IN 1949 the world was driving towards new horizons in performance and driving enjoyment fueled by a tremendous appetite for cars which were faster and more exciting than ever before.
And it was not just in Great Britain that this need existed.
Sports car impresssario Sydney Allard soon saw the potential of the economically more vibrant - but sports car starved - U.S. market and developed a special competition model to tap it.
The result was the J2 roadster which weighed in at just 18.5 cwt.
Under the bonnet could be a choice of engines. Cadillac, Buick and Oldmobile V8s included in the mainstream choices for the transatlantic market and Ford and Mercury V8s for the UK.
All of this provided a potent combination of a lightweight, hand-formed aluminium body fitted with coil springfront suspension de Dion type rear axle and ferocious power.

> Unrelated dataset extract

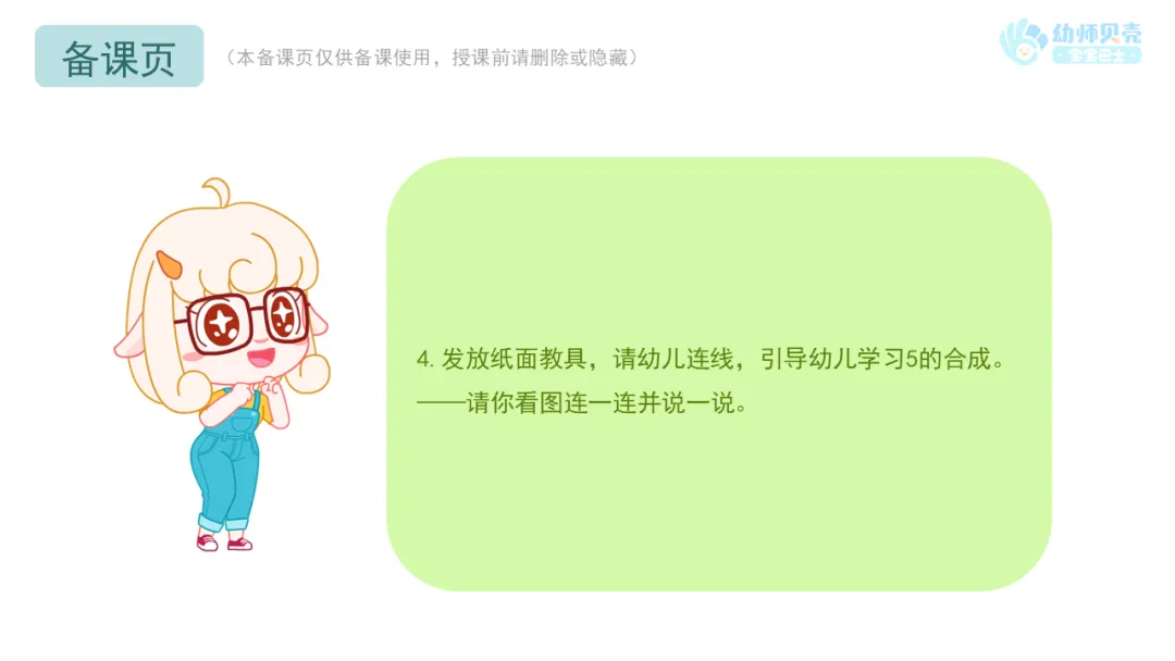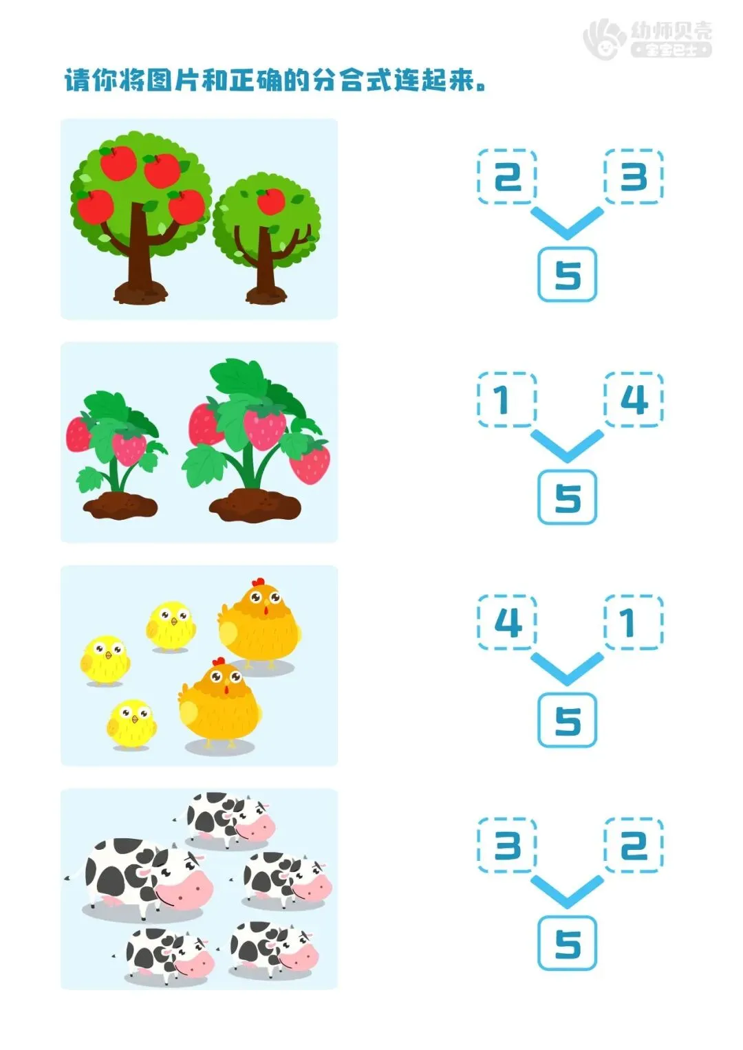 4.发放纸面教具,请幼儿连线,引导幼儿学习5的合成。
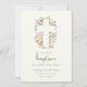 Invitation vos proches pour célébrer le baptême de votre enfant avec cette invitation élégante et charmante. La pièce maîtresse présente une croix magnifiquement composée de fleurs et de verdure aux couleurs pastel, symbolisant la pureté et la croissance. L'arrière - plan blanc et doux met en valeur les délicats détails floraux, tandis que le texte est stylisé dans une combinaison moderne de polices de script et sans-serif, ajoutant une touche gracieuse et contemporaine. Parfait pour une occasion mémorable et pleine de foi. B006

The J2 proved a highly competitive international race car for and was not a drive for the faint hearted who chose the road car for their everyday wheels.
The J2 was followed by the J2X in late 1951. The chassis remained unchanged from the previous J2, and an attempt was made to improve handling.
The J2X became the most coveted model of its ilk and was widely regarded as a hairy, exciting and never to be forgotten motorbike of a car.
When you realise that this 5.5-litre speedster could achieve 130mph with a 0-60mph sprint in the early 1950s the truth dawns that this was a truly amazing vehicle.
It was very much a car for the specialist and did not feature the creature comforts of arch-rival Jaguar.
Nor could it compare on price to the big car marque so not that many were made. The ones that survive are icons of that golden age when top class British designers and car builders flexed their muscles to show that Britain ruled in sports car style.